* Work instructions:
Extract only the lines from the start of the entries below to the line with "Лестница опирается на", inclusive; omit every picture.
Materials provided START
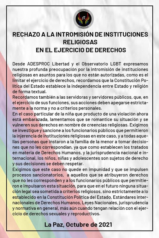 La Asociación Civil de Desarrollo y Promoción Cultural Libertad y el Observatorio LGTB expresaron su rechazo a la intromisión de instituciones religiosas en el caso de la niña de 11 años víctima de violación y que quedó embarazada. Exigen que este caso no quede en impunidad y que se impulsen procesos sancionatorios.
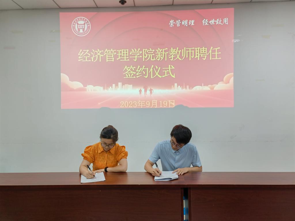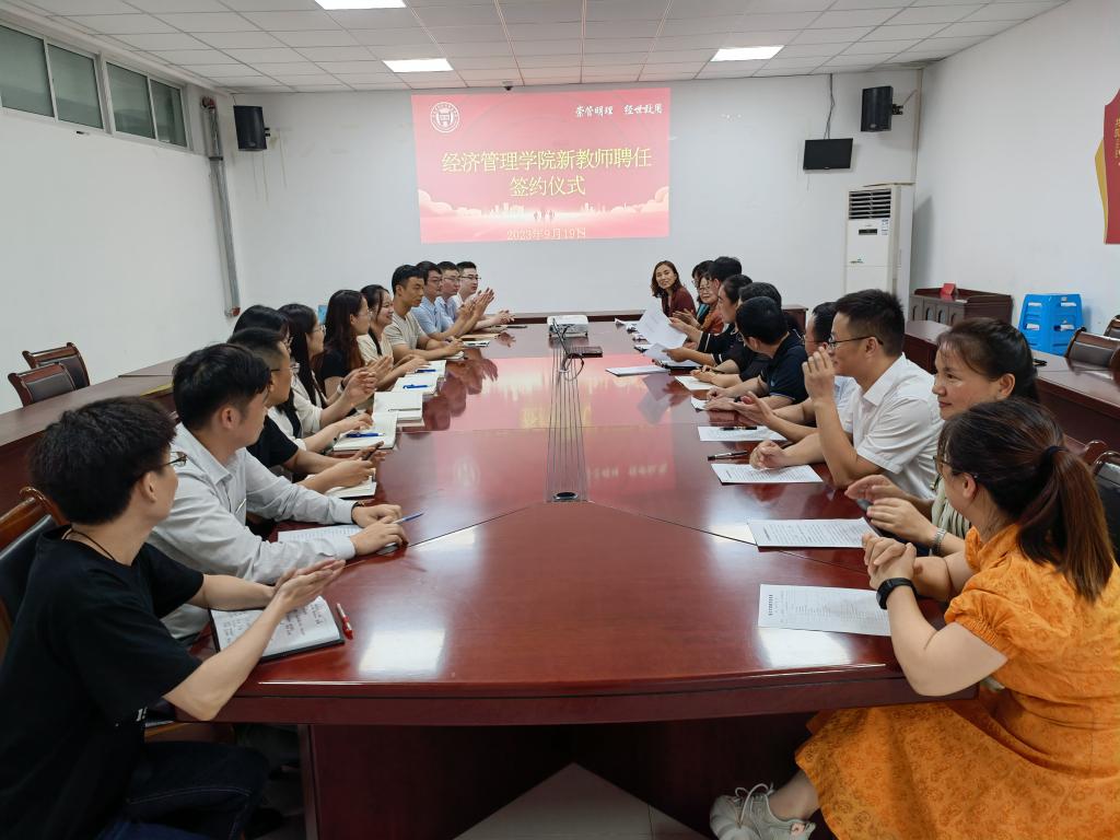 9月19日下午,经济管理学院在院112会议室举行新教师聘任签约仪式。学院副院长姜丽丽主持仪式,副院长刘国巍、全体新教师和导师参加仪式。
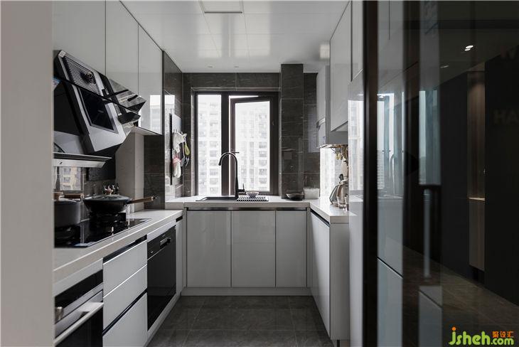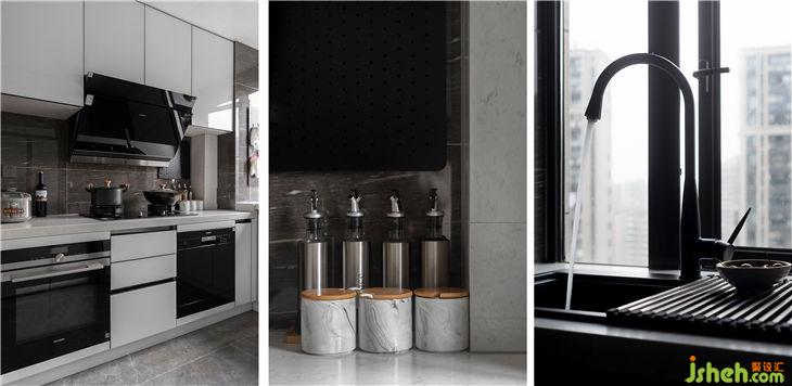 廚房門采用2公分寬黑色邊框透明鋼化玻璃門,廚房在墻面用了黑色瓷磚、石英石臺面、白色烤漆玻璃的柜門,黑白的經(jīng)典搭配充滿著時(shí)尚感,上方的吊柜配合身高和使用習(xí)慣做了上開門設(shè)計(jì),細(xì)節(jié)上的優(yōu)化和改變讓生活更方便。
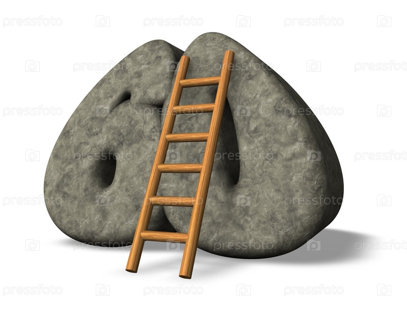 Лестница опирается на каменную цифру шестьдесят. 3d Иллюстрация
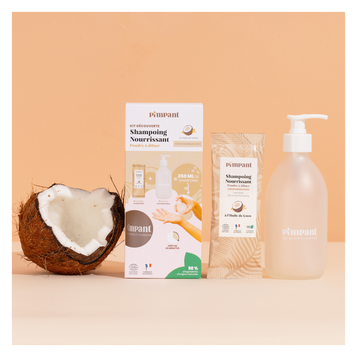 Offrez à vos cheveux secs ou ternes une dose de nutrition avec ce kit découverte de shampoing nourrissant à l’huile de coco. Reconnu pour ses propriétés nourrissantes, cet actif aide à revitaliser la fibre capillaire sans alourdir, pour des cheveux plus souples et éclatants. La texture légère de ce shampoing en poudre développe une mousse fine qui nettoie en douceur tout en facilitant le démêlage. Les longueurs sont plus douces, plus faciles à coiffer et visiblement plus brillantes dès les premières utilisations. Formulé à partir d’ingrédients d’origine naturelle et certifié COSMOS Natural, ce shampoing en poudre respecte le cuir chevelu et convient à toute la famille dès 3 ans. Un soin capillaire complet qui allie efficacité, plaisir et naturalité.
Materials provided END
* Reply to the exercise:
 La Asociación Civil de Desarrollo y Promoción Cultural Libertad y el Observatorio LGTB expresaron su rechazo a la intromisión de instituciones religiosas en el caso de la niña de 11 años víctima de violación y que quedó embarazada. Exigen que este caso no quede en impunidad y que se impulsen procesos sancionatorios.
 9月19日下午,经济管理学院在院112会议室举行新教师聘任签约仪式。学院副院长姜丽丽主持仪式,副院长刘国巍、全体新教师和导师参加仪式。
 廚房門采用2公分寬黑色邊框透明鋼化玻璃門,廚房在墻面用了黑色瓷磚、石英石臺面、白色烤漆玻璃的柜門,黑白的經(jīng)典搭配充滿著時(shí)尚感,上方的吊柜配合身高和使用習(xí)慣做了上開門設(shè)計(jì),細(xì)節(jié)上的優(yōu)化和改變讓生活更方便。
 Лестница опирается на каменную цифру шестьдесят. 3d Иллюстрация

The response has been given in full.